___ THE RECORDS ___

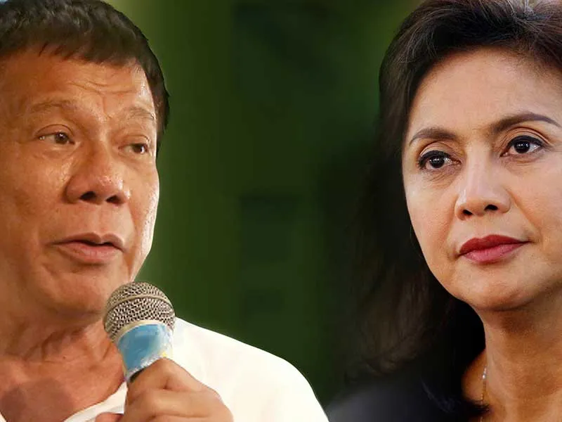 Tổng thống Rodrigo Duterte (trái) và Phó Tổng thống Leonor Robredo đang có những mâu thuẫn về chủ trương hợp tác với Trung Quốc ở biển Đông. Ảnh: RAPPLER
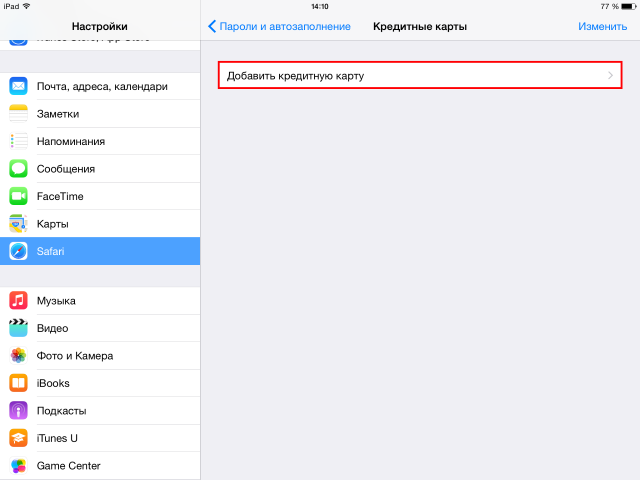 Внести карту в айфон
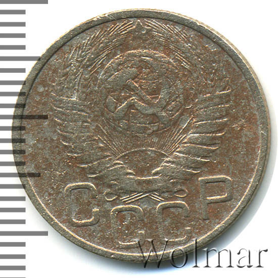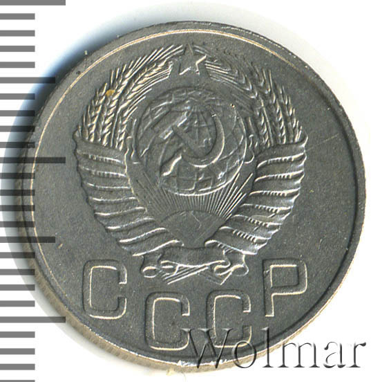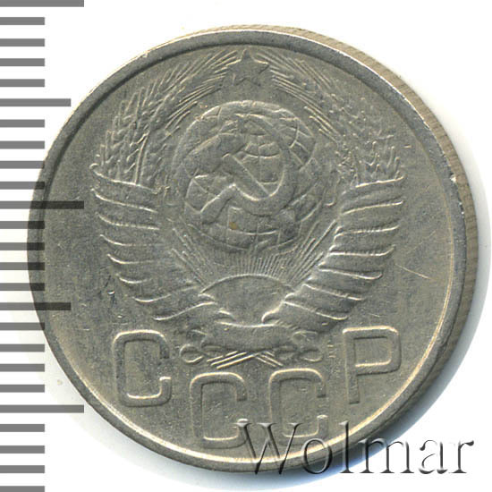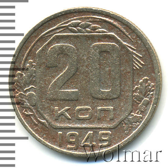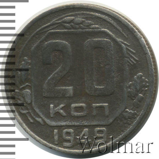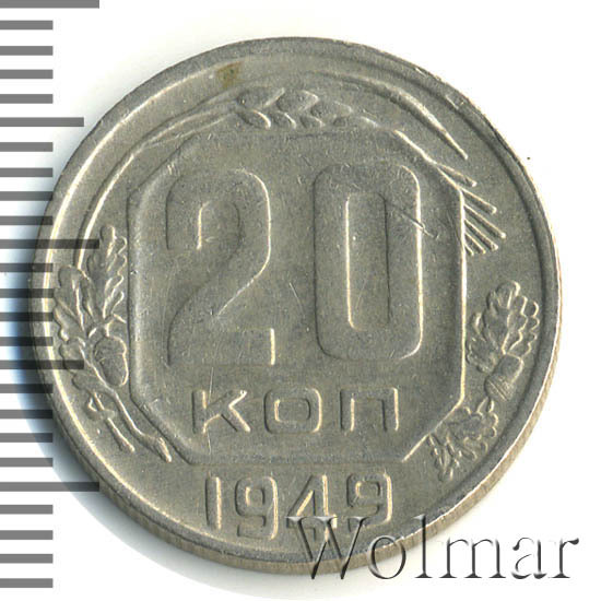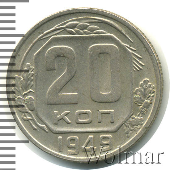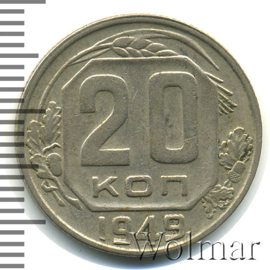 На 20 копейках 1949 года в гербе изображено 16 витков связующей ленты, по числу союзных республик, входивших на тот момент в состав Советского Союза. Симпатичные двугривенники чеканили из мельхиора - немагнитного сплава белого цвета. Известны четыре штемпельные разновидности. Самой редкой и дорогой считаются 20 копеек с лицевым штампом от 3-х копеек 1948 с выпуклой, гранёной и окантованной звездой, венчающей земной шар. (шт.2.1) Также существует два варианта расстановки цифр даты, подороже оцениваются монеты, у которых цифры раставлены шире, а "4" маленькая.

___
___ THE RECORDS ___

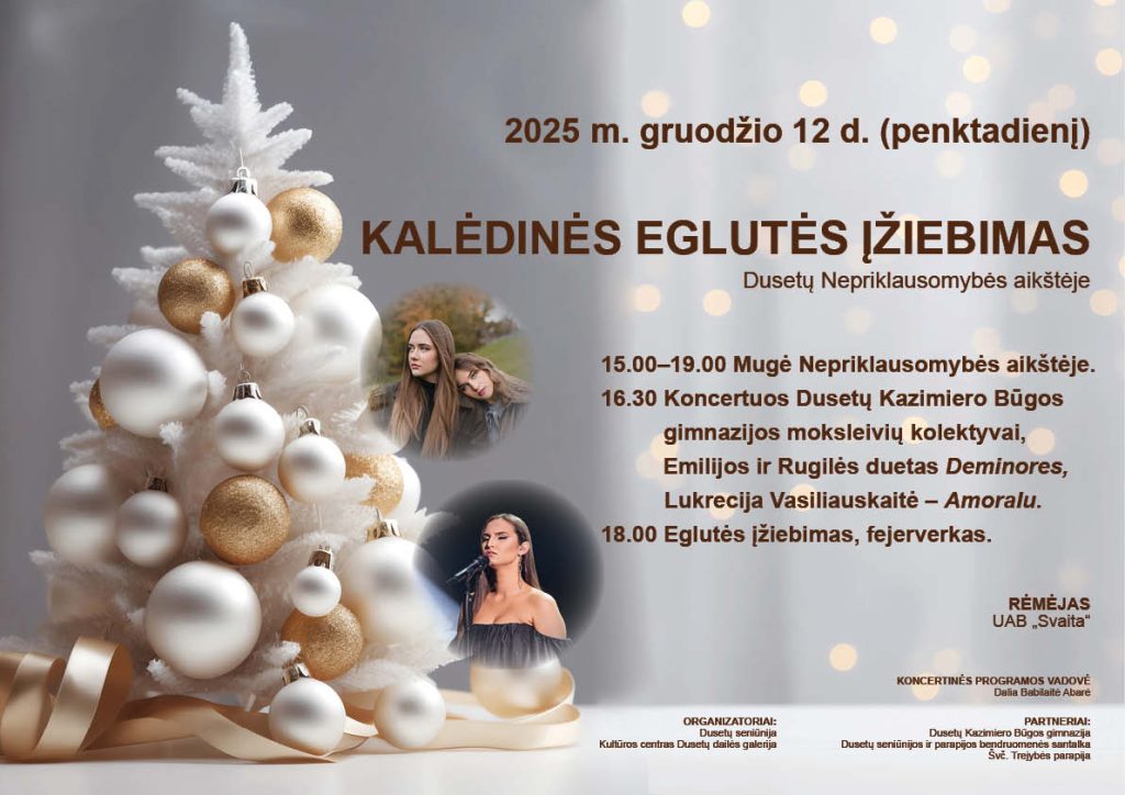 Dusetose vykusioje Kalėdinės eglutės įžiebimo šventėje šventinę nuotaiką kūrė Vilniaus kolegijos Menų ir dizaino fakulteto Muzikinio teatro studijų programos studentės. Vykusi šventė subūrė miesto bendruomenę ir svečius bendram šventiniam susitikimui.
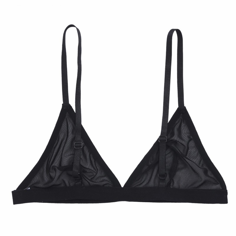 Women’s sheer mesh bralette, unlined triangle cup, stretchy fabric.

___

Reproduce the lines above beginning at the line that contains "Dusetose vykusioje Kalėdinės" and ending at the line that contains "Women’s sheer mesh". No pictures.

ANSWER SPACE:
 Dusetose vykusioje Kalėdinės eglutės įžiebimo šventėje šventinę nuotaiką kūrė Vilniaus kolegijos Menų ir dizaino fakulteto Muzikinio teatro studijų programos studentės. Vykusi šventė subūrė miesto bendruomenę ir svečius bendram šventiniam susitikimui.
 Women’s sheer mesh bralette, unlined triangle cup, stretchy fabric.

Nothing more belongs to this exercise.